Nottinghamshire Football League
- Founded: 2004
- Country: England
- Number of clubs: 88 18 (Premier Division) 18 (Division One) 17 (Division Two) 17 (Division Three) 18 (Development Division)
- Level on pyramid: Level 11 (Premier Division)
- Promotion to: Level 10 Northern Counties East League Division One United Counties League Division One Midland Football League Division One
- Domestic cup: League Cup
- Current champions: Cotgrave FC (Premier Division) Stapleford Town Reserves (Division One) AJ Sport FC (Division Two) Calverton Miners Welfare Reserves (Division Three) (2025–26)
- Website: Official Website

= Nottinghamshire Football League =

Association football league in England

The Nottinghamshire Football league is an English football league.
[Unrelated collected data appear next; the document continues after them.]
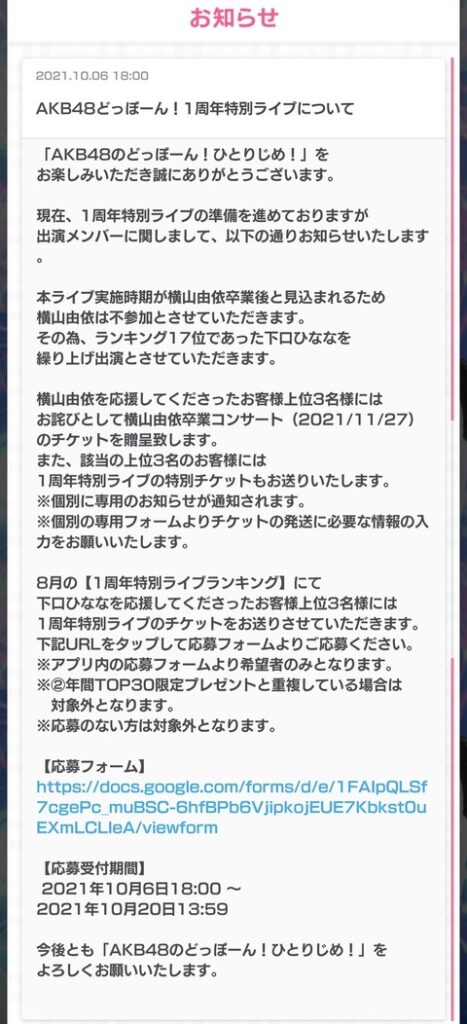 【速報】「AKB48のドボン」1周年記念ライブ、横山由依が不参加!代わりに下口ひななが繰り上げで出演決定!
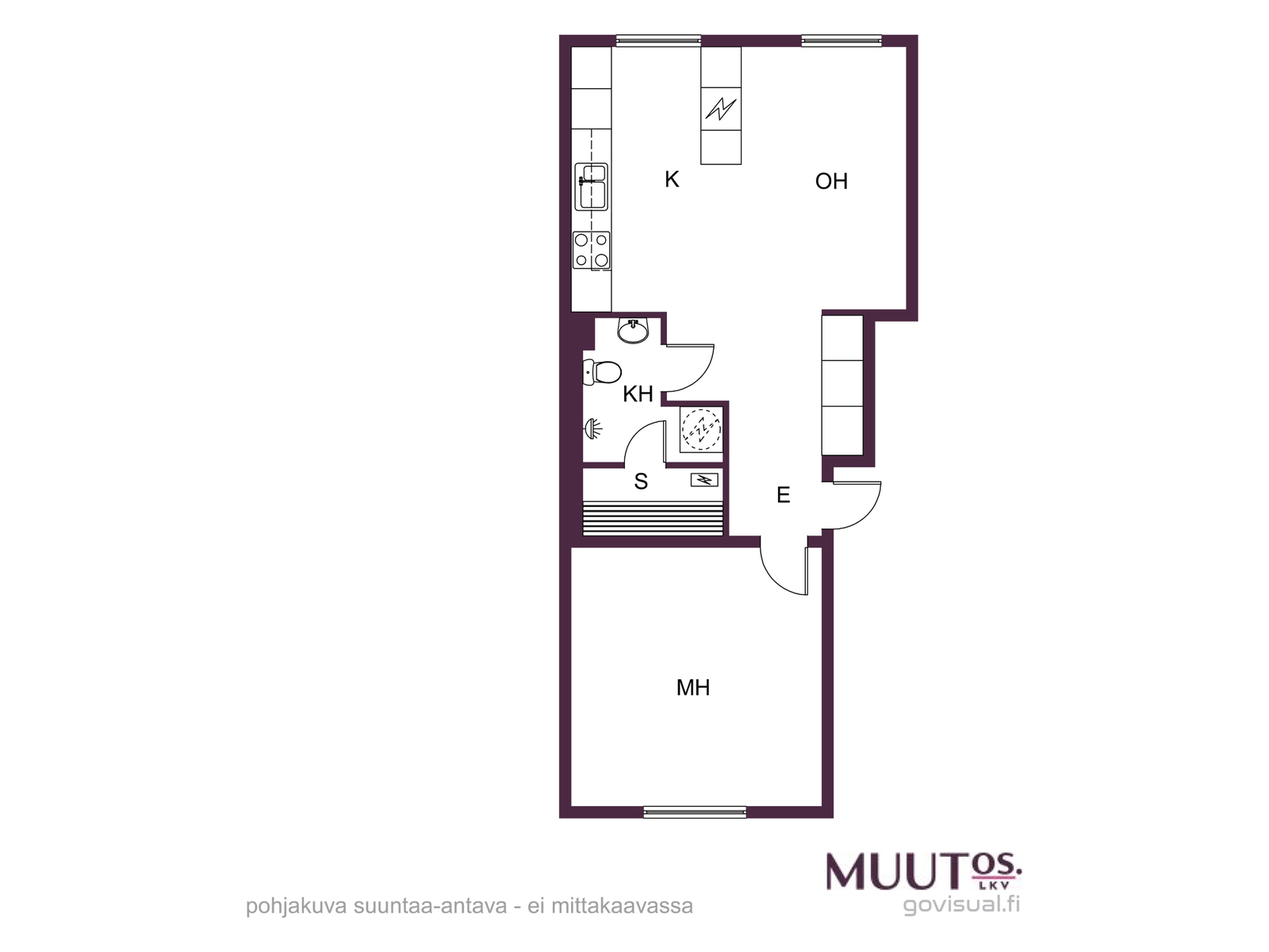 - Edellä mainittu pinta-ala saattaa tämän ikäisessä kohteessa poiketa olennaisestikin huoneiston nykyisen ja rakentamisaikaisen mittaustapojen ja standardien mukaan laskettavasta pinta-alasta. Huoneiston todellinen pinta-ala voi olla yhtiöjärjestyksessä, isännöitsijäntodistuksessa ja esitteessä mainittua pienempi tai suurempi. Hinta ei ole pinta-alaperusteinen. Yhtiöjärjestyksen mukainen huoneistoselitelmä: 2h+k+alk.
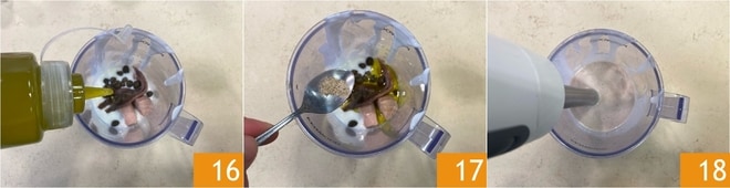 Adicione também as alcaparras, o azeite 16, a pimenta branca 17 e bata até obter um molho fluido 18.
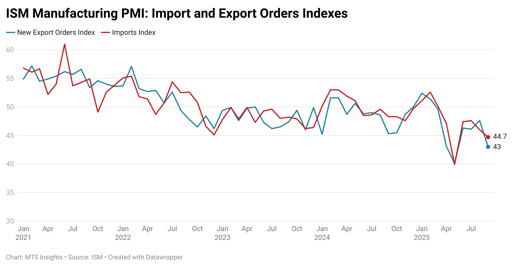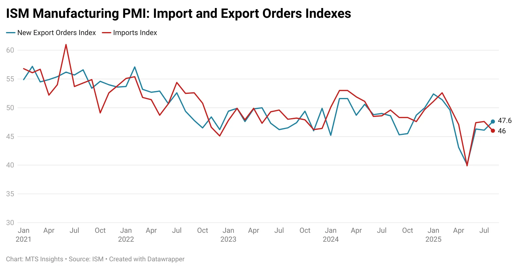 New Export Orders rose to 44.5 from 43.0 and Imports to 45.4 from 44.7, both still contracting, reflecting weak external trade flows.
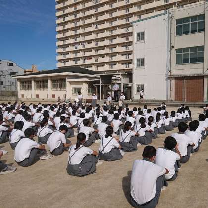 特別時間割になっているので注意してください。また、9月17日(土)も授業を行います。事前に習い事等で欠席する場合は生徒手帳を通じて担任に伝えるようにしてください。また、本日からインターンシップとして西山涼香さん(大学2回生)が、学校の仕事について学ぶために来校しています。写真は挨拶の様子です。
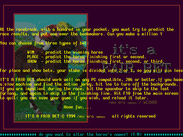 Developed by New Era Software and released in 1994, this game challenges players with its engaging mechanics and unique setting. The gameplay is designed to test both luck and strategy, providing hours of entertainment for those seeking a compelling gaming experience.
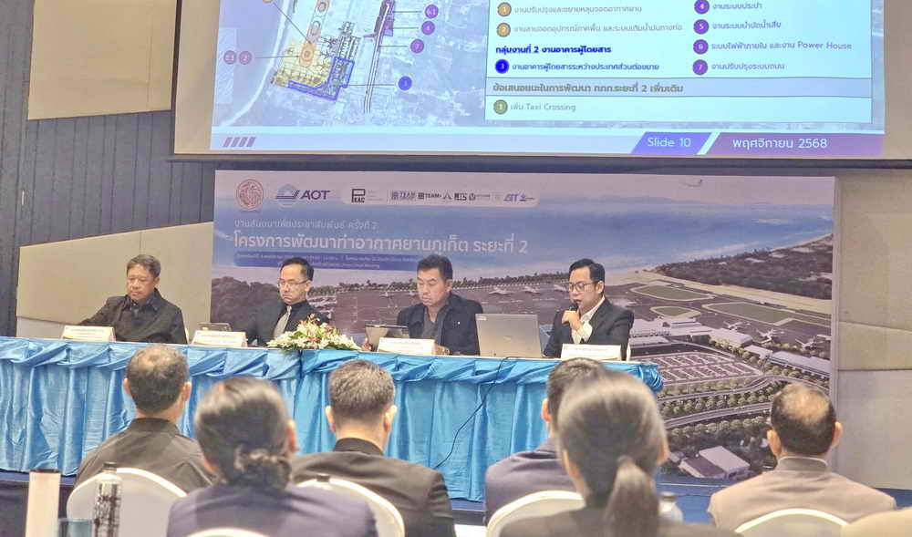 วันที่ 6 พฤศจิกายน 2568 บริษัท ท่าอากาศยานไทย จำกัด (มหาชน) (ทอท.) เดินหน้าจัดกิจกรรมสัมมนาประชาสัมพันธ์ ครั้งที่ 2 โครงการพัฒนาท่าอากาศยานภูเก็ต ระยะที่ 2 (โครงการฯ) เพื่อศึกษาและความคืบหน้าในการดำเนินโครงการฯ พร้อมทั้งรับฟังความคิดเห็นและข้อเสนอแนะจากหน่วยงานที่เกี่ยวข้อง เพื่อนำมาพิจารณาประกอบการดำเนินโครงการฯ โดยงานสัมนาดังกล่าว จัดขึ้น ณ โรงแรมสแปลช บีช รีสอร์ท ตำบลไม้ขาว อำเภอถลาง จังหวัดภูเก็ต ซึ่ง ทอท. ได้ว่าจ้างกลุ่มบริษัท พี.เค.เอ.ซี. ในการสำรวจและออกแบบโครงการให้เป็นไปตามเป้าประสงค์และแผนยุทธศาสตร์ที่กำหนดไว้ โดยมีนายสมาวิษฏ์ สุพรรณไพ รองผู้ว่าราชการจังหวัดภูเก็ต ให้เกียรติมาเป็นประธานเปิดงานสัมมนา และมีผู้เข้าร่วมจากภาคส่วนต่าง ๆ รวมกว่า 150 ท่าน ประกอบด้วย หน่วยงานราชการ รัฐวิสาหกิจ องค์กรปกครอง ส่วนท้องถิ่น องค์กรธุรกิจ ภาคเอกชนที่เกี่ยวข้อง และสื่อมวลชน

The competition is a feeder to the Northern Counties East League and the United Counties League. The league has five divisions – the Premier Division (which stands at level 11 of the English football league system), NSL Division One, NSL Division Two, NSL Division Three and the NSL Development Division. The league expanded from three divisions in 2020 having absorbed the Midland & Notts Alliance League. It was renamed in 2026 from the Nottinghamshire Senior League, following a merger with the Notts Youth League.

==History==
It was founded in 2004 to replace the Nottinghamshire Football Alliance League as the top league within the county of Nottinghamshire.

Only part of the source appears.